Sementara itu, penanganan under processing seperti proses pemanasan yang kurang, khususnya pada produk makanan kaleng berasam rendah dapat terjadi, karena kurangnya pemahaman teknologi pangan yang dikembangkan Dr Stumbo, ilmuwan di bidang termobakteriologi terkemuka di dunia. Hal ini dapat menstimulasi terbentuknya toksin botulin dari bakteri Clostridium botulinum yang amat berbahaya. Sebaliknya, proses pemanasan dengan minyak goreng pada suhu tinggi dan berulang-ulang menghasilkan hidroperoksida, aldehid, dan keton berlebihan yang menjadi prekursor senyawa karsinogenik pemicu kanker.

Membangun kejujuran

Apa seharusnya yang bisa dilakukan untuk memperkukuh pilar keamanan pangan? Konsistensi pengawasan yang jujur harus tecermin dari berbagai upaya yang dilakukan di setiap mata rantai yang diduga bisa menimbulkan masalah keamanan pangan. Membangun kejujuran dimulai sejak produksi, pengolahan, distribusi, hingga saat penyajian untuk konsumsi. Pemerintah selama ini abai tentang satu hal. UU yang baru tentang pangan sudah dibuat, regulasi tata niaga bahan tambahan makanan diperketat dan sertifikasi mutu produk diharuskan. 
Namun, semuanya bisa diterabas pelaku ekonomi demi keuntungan sebesar-besarnya.Perdagangan beras palsu dan makanan berformalin yang tetap eksis ialah bukti nyata kegagalan dalam menjalankan fungsi pengawasan.

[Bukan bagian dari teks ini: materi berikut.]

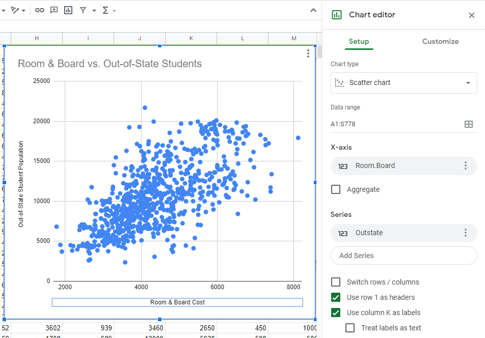 - X-axis (horizontal axis) label: "Room & Board Cost"

Kejahatan di balik bisnis makanan yang kerap berulang ini jika hendak digali secara lebih kontemplatif, persoalannya menyangkut moralitas anak bangsa. Misalnya, perdagangan dan impor ilegal beras palsu dan penambahan pupuk urea pada pembuatan nata de coco ialah serpihan representasi dari bangsa yang mengalami degradasi moral. Negeri yang warganya santun karena taat beragama, kini mulai kurang beradab dan tak peduli keselamatan orang lain, karena melakukan pembunuhan secara perlahan-lahan lewat teror formalin.

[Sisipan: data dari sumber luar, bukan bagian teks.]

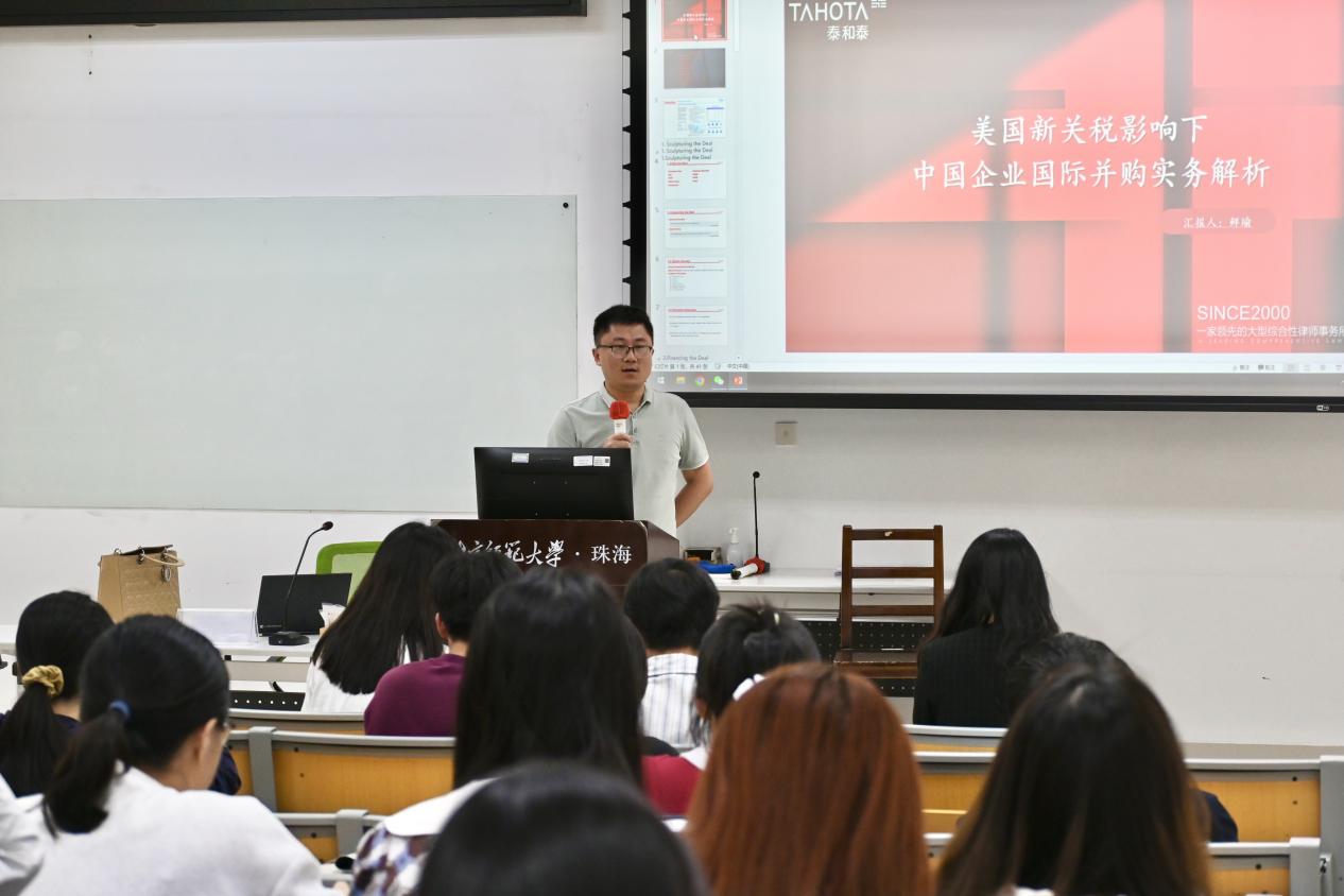 2025 年 4 月 23 日,yl23455永利集团专业学位硕士教育中心特邀北京泰和泰律师事务所跨境并购专家鲜瑜律师,以"美国新关税政策背景下中国企业国际并购面临的问题及对策"为主题,给员工们进行了专题讲座,讲座由王升泉副研究员主持。

Ketika persoalan kejahatan di balik bisnis makanan merebak menjadi tragedi kemanusiaan yang menelan korban jiwa, pemerintah sebagai pemegang otoritas kekuasaan kerap mereduksi persoalan dengan berda lih bahwa penyebabnya ialah keracunan makanan yang dipicu cara memasak yang tidak benar.

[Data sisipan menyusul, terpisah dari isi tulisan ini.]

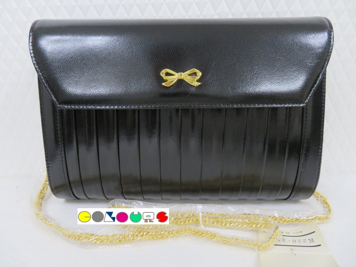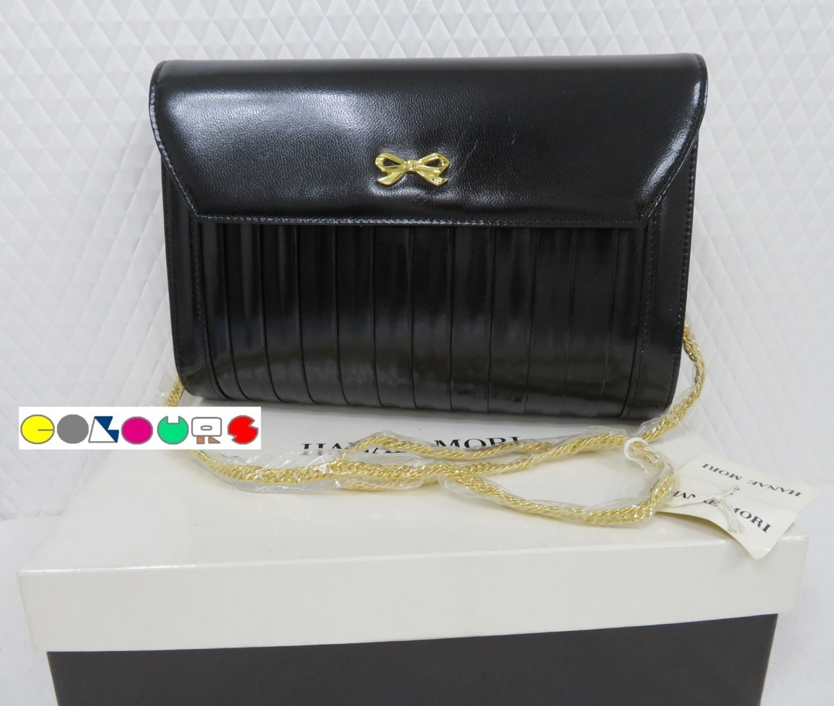 〔COLOURS〕 未使用・保管品■2WAY■チェーンショルダー/クラッチバッグ■黒×ゴールド■HANAE MORI

Hal yang sama datang dari para ahli di perguruan tinggi yang memiliki kompetensi ilmiah. Mereka dengan mudah merumuskan bahwa penyebab keracunan ialah mikroba patogen atau bahan kimia berbahaya sambil menyebut berbagai istilah latin dan bahasa asing yang sulit dipahami masyarakat awam.

Guna memutus mata rantai kejahatan di balik bisnis makanan, sebagai umat beragama yang religius semestinya para pedagang dan korporasi lebih mempertimbangkan aspek moralitas ketimbang nilai keuntungan yang diperoleh. 

Atas dasar inilah, para pemuka agama punya tugas baru untuk berperan memperbaiki moral bangsa. Mereka hadir bukan sekadar mengusung ceramah agama, melainkan juga memberi teladan moralitas tentang perilaku manusia.
Menanamkan atau meningkatkan kesadaran akan adanya dimensi etis dalam bisnis pangan tidak berhenti sebatas khotbah, tapi ia harus memasuki ruang praktik kehidupan, sehingga dapat dialami dan dirasakan setiap orang. Seperti teladan yang diwariskan bapak pendiri bangsa, Soekarno dan Mohammad Hatta, kita diajak saling mengasihi sebagai sesama anak bangsa dan terus mengasah hati nurani untuk berperilaku jujur di tengah hidup bermasyarakat.